# Craftsman 315.17492 service/rebuild



## dm.bridenstine (Jun 13, 2013)

Pardon me if I've tripped over some protocol. I originally posted this under the manuals section but the thought occurred that it might be too obscure to elicit a response. So I also put it here. 

Last year at an auction I bought one of the referenced machines. It had the Bis-kit attached. I found a base plate for it at Woodcraft and in the process of installing it I discovered noticeable side-to-side play (several mm) in the spindle. Bearings seem likely suspects, but otherwise I have no idea of the source of this. Your thoughts are welcome. Would the cost be low enough to warrant repair? Is there any way it is a DIY job?
Dave


----------



## Dmeadows (Jun 28, 2011)

dm.bridenstine said:


> Pardon me if I've tripped over some protocol. I originally posted this under the manuals section but the thought occurred that it might be too obscure to elicit a response. So I also put it here.
> 
> Last year at an auction I bought one of the referenced machines. It had the Bis-kit attached. I found a base plate for it at Woodcraft and in the process of installing it I discovered noticeable side-to-side play (several mm) in the spindle. Bearings seem likely suspects, but otherwise I have no idea of the source of this. Your thoughts are welcome. Would the cost be low enough to warrant repair? Is there any way it is a DIY job?
> Dave


Both of the bearings and a parts breakdown are available here...
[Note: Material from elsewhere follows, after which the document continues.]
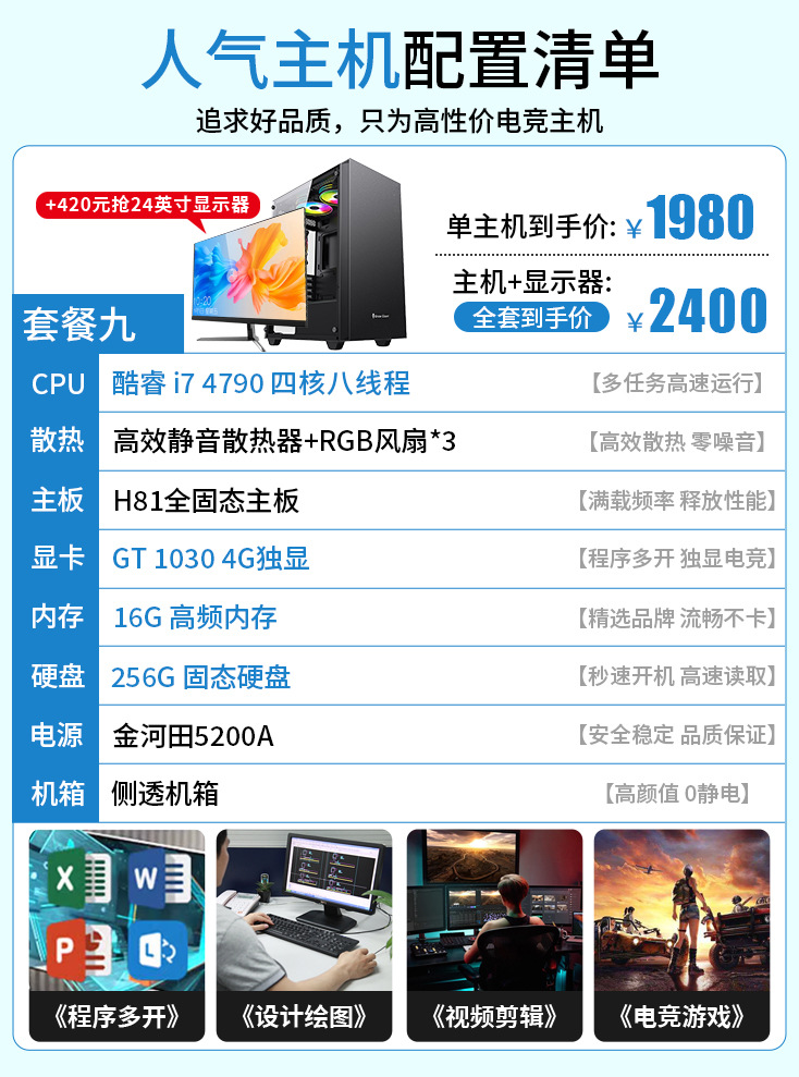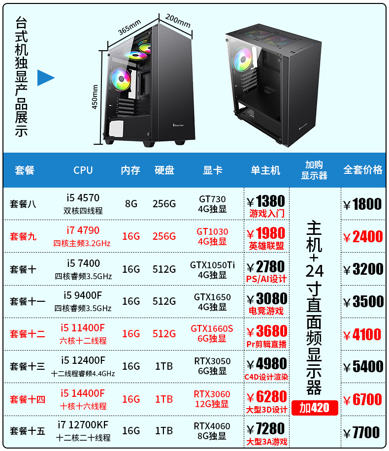 12G 독립 디스플레이 i3i5i7 인터넷 카페 e-스포츠 게임 데스크탑 컴퓨터 호스트 디자인 라이브 방송 조립 컴퓨터 전체 배치

http://www.searspartsdirect.com/par...ts/Model-31517492/0247/0740000/00039477/00001

As to the question of whether it is a DIY job... can't really guess, depends on your ability and comfort level. If not DIY, it probably exceeds replacement cost of the router. Sears has a single speed 1 3/4HP router on sale for $56.99 or there about!

Router from Sears.com


----------



## jw2170 (Jan 24, 2008)

I tend to agree, Duane.

For around $60.00, I would buy the new router and sell the 315.17492 for spares.


----------



## rwbaker (Feb 25, 2010)

A much less expensive source of bearings can be had at VXB.com  - I've used them on a 30 year old B&D router (1/4") 10 dollars including shipping, a bandsaw, drill press, etc. all at similar savings. use a bearing press when removing and installing on the shaft (90 degrees) with no hammering on the bearing directly. Read up on it or find a video on YouTube for bearing removal and install and do not skip steps. 

Done this way, you should be under 20.00

Let us know how it turns out - Baker


----------



## Dmeadows (Jun 28, 2011)

rwbaker said:


> Done this way, you should be under 20.00
> 
> Let us know how it turns out - Baker


*IF* of course, you have or have access to a bearing press! otherwise it's still cheaper to buy a router!


----------



## dm.bridenstine (Jun 13, 2013)

Thanks for the responses. No bearing press available, and my skill level on a rebuild is, shall we say, experimental. May try to part it out.
Dave


----------



## rwbaker (Feb 25, 2010)

*Your right*



Dmeadows said:


> *IF* of course, you have or have access to a bearing press! otherwise it's still cheaper to buy a router!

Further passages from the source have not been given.